- Recorded data -
======

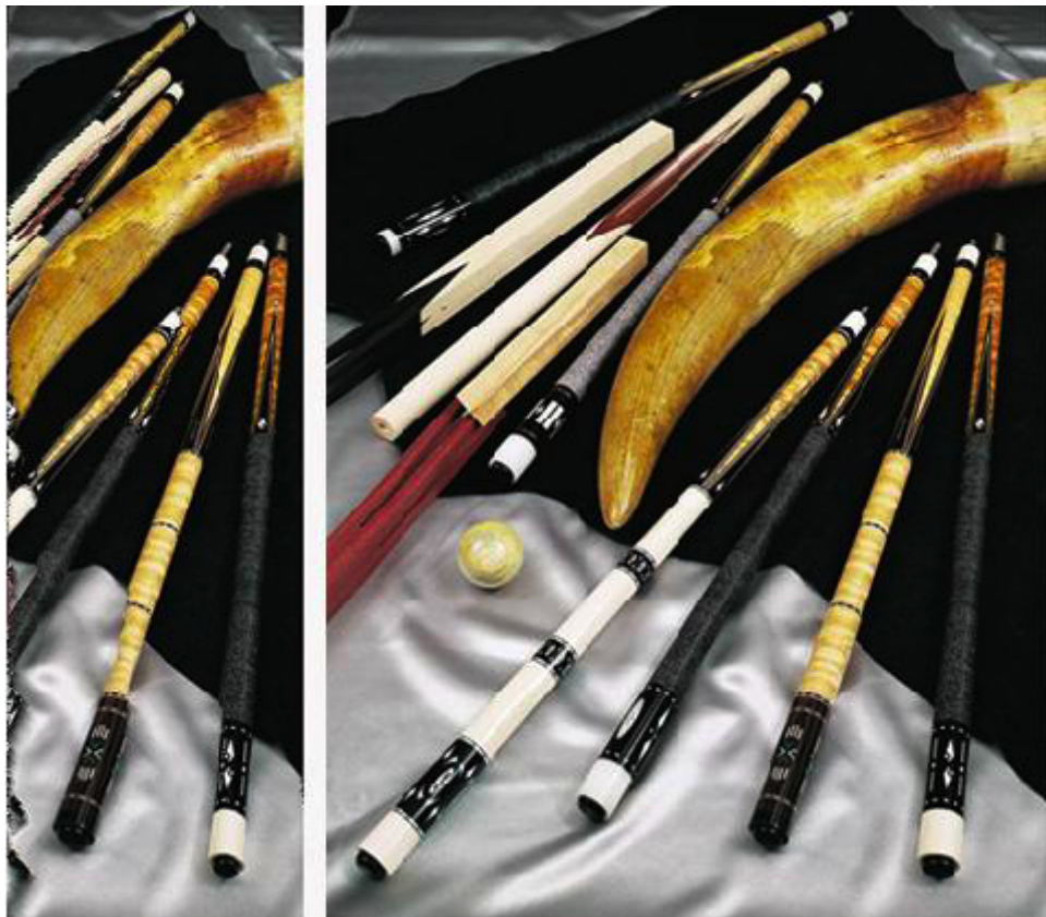
(b) Greedy 20
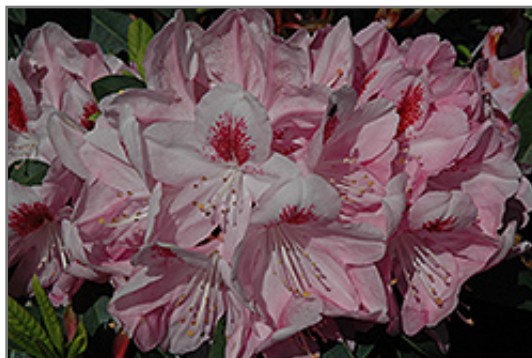
Mrs. Furnival Rhododendron flowers

Pendulous evergreen leaves cover this dense, rounded, slow-growing, but upright shrub; amazing rose-pink flowers with prominent red blotches in midsummer; prefers well-drained, cool, highly acidic and organic soil, use plenty of peat moss when planting
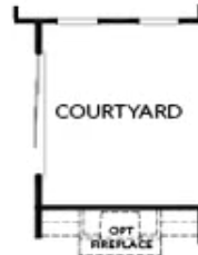
OPT Slider Door
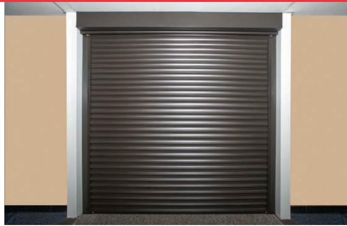
Standard slat, PowderGuard® Premium powder coat finish in Bronze

Allura® Model 653 is a next generation light-duty door solution that is versatile enough for specialty uses and has a space-saving design, making it perfect for installations with limited side room and headroom. Multiple perforation and fenestration options allow for many configurations with the right amount of light and air passage.
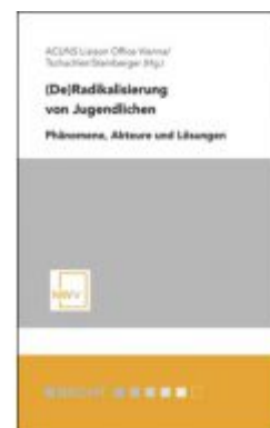
(De)Radikalisierung von Jugendlichen Ladenpreis: 34,80 EUR
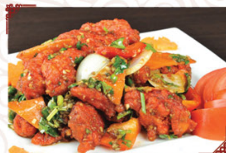
C20 Masala Chicken
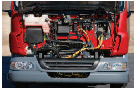
Service checks are easy. The front panel opens for quick access to the air filter, coolant, washer fluid, power-steering fluid, refrigerant and engine oil.
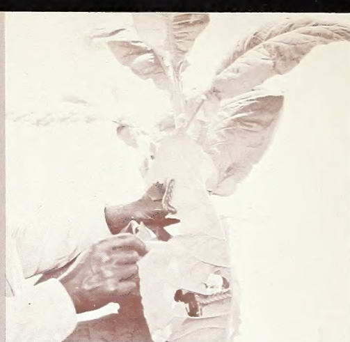
Hornworms on underside of a tobacco leaf

When applied according to directions, endrin and TDE—the recommended insecticides—can be used effectively, and will not reduce the value of the tobacco crop.
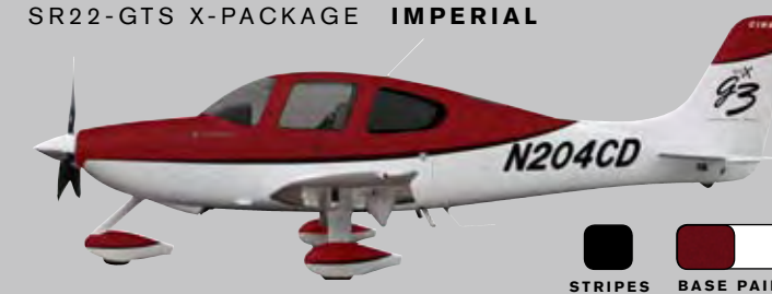
SR22-GTS X-PACKAGE IMPERIAL
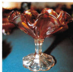
70. PLAIN / COLUMBIA

Maker: Unknown Color: Marigold (S) Amethyst (S) Green (S) Amber (R) Note: Ruffled & Crimped Edges.
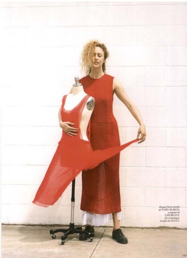
Rapel lleva vestido de TORY BURCH, y zapatos de CHURCH'S. Es el maripal, vestido de GUCCI.
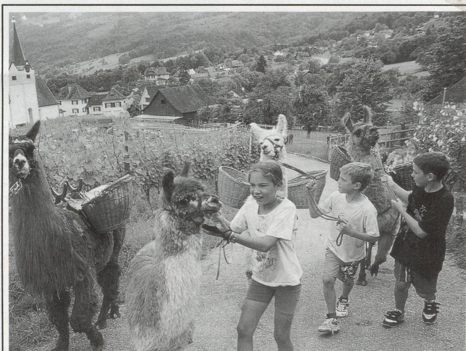
The highlight of the day for the kids: a hike into the St Gallen vineyards with some of the llamas that carry the food for the pic-nic in the baskets slung over their backs.

Needless to say that the children really love these types of outings. However, the zoo keepers are very careful that the animals do not get stressed by the presence and attention of the children. The interaction between children and animals is carefully assessed so that none of them get tired or fed up with the others.
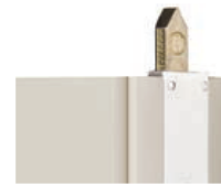
Shootbolt (For doors systems with an astragal)
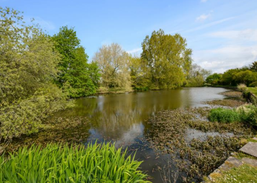
Courtyard Development in Rural Setting 5 Detached Houses
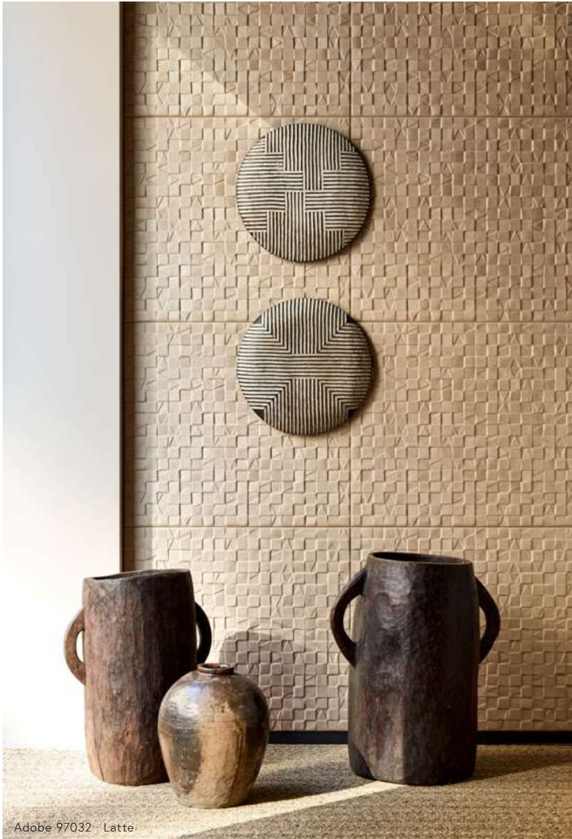
Adobe 97032 · Latte
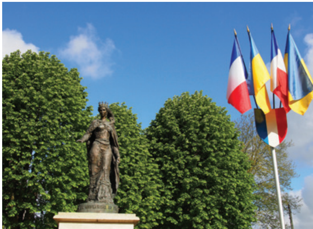
Пам'ятник Анні Ярославні в Санслісі. «Анна Київська, королева Франції» Monument to Anna Yaroslavna in Senlis. "Anne of Kyiv, the Queen of France"

ture to study and create their own masterpieces. Namely, it is the world famous artists Vasyl Kandynskiy and Kazymyr Malevych, Sonia (Terk) Delone, Oleksandra Ekster, Mykhailo Boichuk, sculptor Oleksandr Arkhypenko and many others. Prominent figures of Ukrainian origin lived and worked in France, namely, ballet master Serge Lifar, composers Ihor Stravinsky and Fedir Yakymenko.
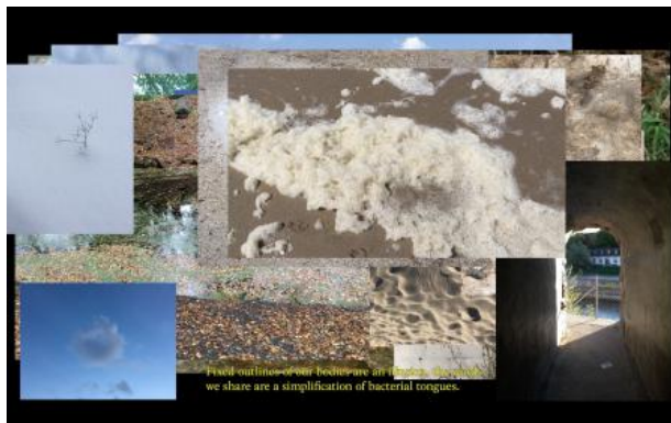
every second is kissed by billions of lips (love letter to 'dierkens'), 2023 video; 7,5min, projected on 200x112,5cm screen
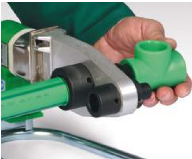
110V 800W or 1400W Aquatherm pipe jointing tool
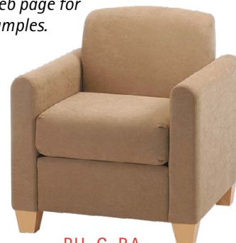
PU-C-RA chair - round arm
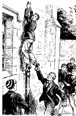
"COME DOWN AR ONCE !" HE SNAPPED

Mr. Twiss blinked at him through his rimless pince-nez.
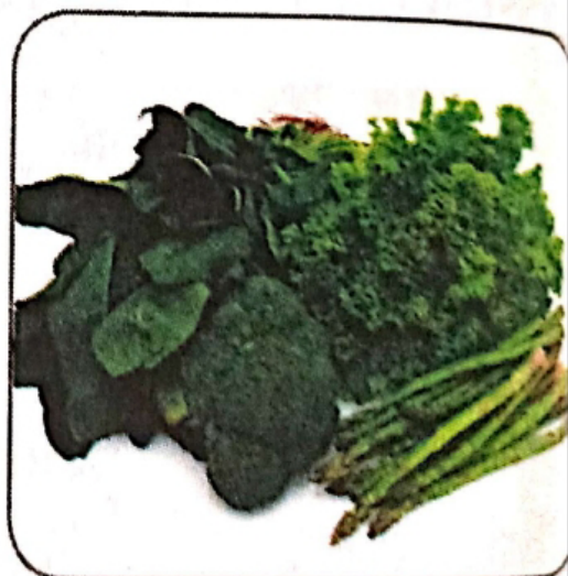
green leafy vegetables
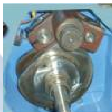
Cam Weft Battening
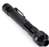
LED hand-held light source
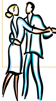
Dancing is great fun and fantastic exercise!

MADS Club: Murray After Dark Social Club is an out on the town evening with your Teachers and friends. It is held the first Wednesday of every month at 9:30 pm at a designated local dancing location. Ask
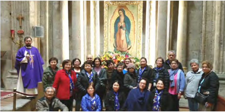
Pilgrims who visited Our Lady of Guadalupe in Mexico on December 9 to 16, 2016.

OFFICES CLOSED (Martin Luther King Holiday)
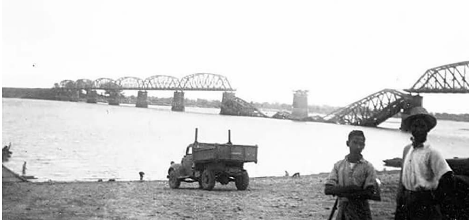
The Sagaing/Ava Bridge after it was dynamited by British troops

centre of the structure finally collapsed after being dynamited by British troops around 18 times in 1942. The spans linking Mandalay and Sagaing were then rebuilt by the original engineering group during 1954.
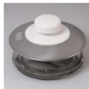
Lid to prevent spills.

An electric brewer that allows you to safely simmer your infections; Equipped with 7 levels of heat and a timer that can be set in 10 minutes increments from 10 to 70 minutes. Features a lid that prevents spills.
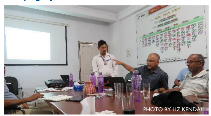
Figure 10: Insurance representative presenting to IPs in Nepalgunj

From June to October 2019, KISAN II conducted 100 trainings, all of which included a session on small water infrastructure insurance, across the 22 districts where the program had constructed and transferred management of small irrigation schemes to Farmer Groups. In total, 1,878 farmers (1,313 female, 565 male) received information about how to insure their new or renovated irrigation schemes.
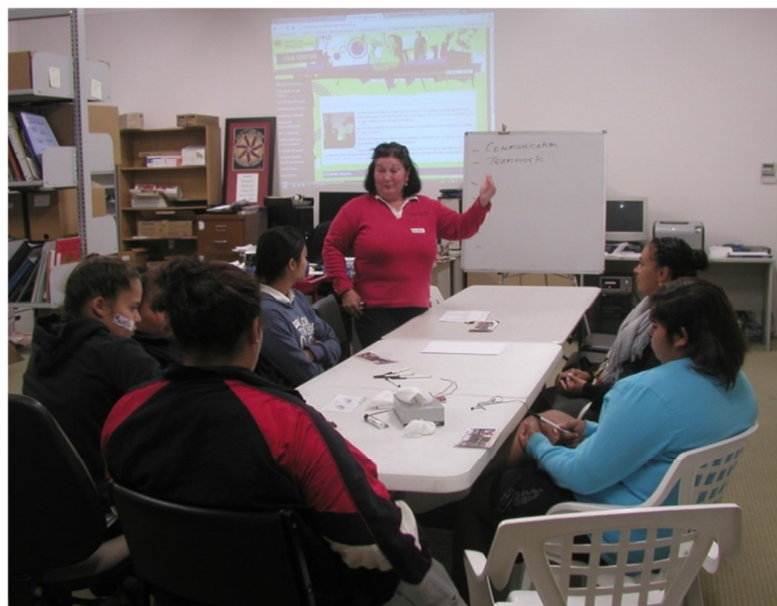
Left: a scene from an Elders Teach Family project workshop in July 2013. Right: Elders Teach Family project graduation ceremony held August 2013.

======

- What is expected -
Reproduce every line in the records above that contains the word "dynamited".

- Exercise answer -
The Sagaing/Ava Bridge after it was dynamited by British troops
centre of the structure finally collapsed after being dynamited by British troops around 18 times in 1942. The spans linking Mandalay and Sagaing were then rebuilt by the original engineering group during 1954.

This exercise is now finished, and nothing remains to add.